This project provides a containerized, offline-capable LLM API using Ollama. It automatically pulls and serves a chosen model on first run and exposes a simple REST API for interaction. Designed to be portable and ready for homelab or production environments.
- Fully offline after initial model pull
- Configurable model selection (
llama3
,mistral
,phi3
, etc.) - Dockerized for consistent deployment
- Health checks and persistent model storage
- Simple REST API powered by FastAPI
- Docker
- Docker Compose
git clone https://github.com/yourusername/ollama-offline-agent.git
cd ollama-offline-agent
docker compose up --build
On first run, the container will:
- Start the Ollama daemon.
- Pull the specified model if it is not already cached.
- Launch the API server on port 8000.
Subsequent runs will skip the model pull if the model is already present.
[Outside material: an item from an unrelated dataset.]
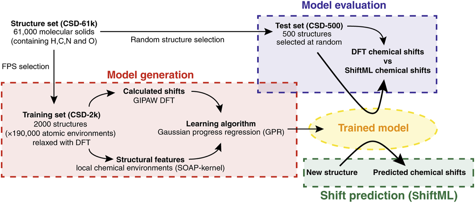 Paruzzo et al. (2018) Solid-state NMR is a powerful tool for analyzing powdered and amorphous solids at the atomic level, with great utility in pharmaceutical sciences. The discipline has been revolutionized by the advent of quantum methods to calculate chemical shifts with high accuracy. Chemical shift-based NMR crystallography has therefore become a popular strategy to identify polymorphs, and also for de novo determination of crystal structures from powders (Facelli and Grant, 1993). This has been enabled by plane wave DFT methods developed for periodic systems based on gauge, including projected augmented wave (GIPAW), which provides good accuracy to emulate the local atomic environments (Blöchl, 1994). However, computational cost is again prohibitive for large systems and/or for higher levels of theory. In this seminal work, Paruzzo and co-workers developed a local environment-ML based method to predict chemical shifts of molecular solids with an accuracy comparable to DFT (Paruzzo et al., 2018). Due to limitations in experimental databases for NMR of solids, the authors decided to train and validate their ML using GIPAW DFT-calculated chemical shifts of a wide variety of structures taken from the Cambridge Structural Database (CSD) (Groom et al., 2016). Bypassing the experimental information has several advantages, which include avoiding biased or incorrectly reported data, as well as offering an unlimited number of virtual structures. In fact, this interesting practical idea has been replicated by other subsequent studies, as detailed below. From an initial database of 61,000 structures, the authors selected 2,000 diverse molecules for training, and 500 for validation. The first subset was selected using the farthest point sampling algorithm (FPS), and the second one randomly. The NMR properties of the resulting structures were calculated at the GIPAW DFT level, the local environments being based on the smooth overlap of atomic positions (SOAP) kernel (Bartók et al., 2013; De et al., 2016). This approach is based on encoding the atomic environment by a 3D neighborhood density defined by a superimposition of Gaussians, one centered at each atom located within a spherical boundary from the core atom. The ML was trained using the Gaussian process regression (GPR) framework, which previously performed well when coupled with SOAP (Figure 2). (Bartók et al., 2022) Once trained, ShiftML was highly accurate, particularly for 1H (MAE 0.49 ppm). The other nuclei showed larger errors relative to DFT (4.3 ppm for 13C, 13.3 ppm for 15N, and 17.7 ppm for 17O). According to the authors, this was due to the significantly fewer training environments for heteronuclei than for 1H. However, the reduction in computational cost is remarkable (less than 1 min vs. 62–150 CPU hours), demonstrating its amazing predictive ability in short periods of time.

The default model is llama3
. To change it, edit docker-compose.yml
:
environment:
- OLLAMA_MODEL=mistral
Rebuild the container to apply changes:
docker compose up --build
GET /
Response:
{
"message": "Ollama Offline Agent is running."
}
POST /ask
Content-Type: application/json
Body:
{
"prompt": "What is the capital of France?"
}
Response:
{
"prompt": "What is the capital of France?",
"response": "The capital of France is Paris."
}
The Docker volume models
ensures that downloaded models persist across container rebuilds.
The container includes a Docker healthcheck that monitors the API’s availability.
This project is licensed under the MIT License. See LICENSE for details.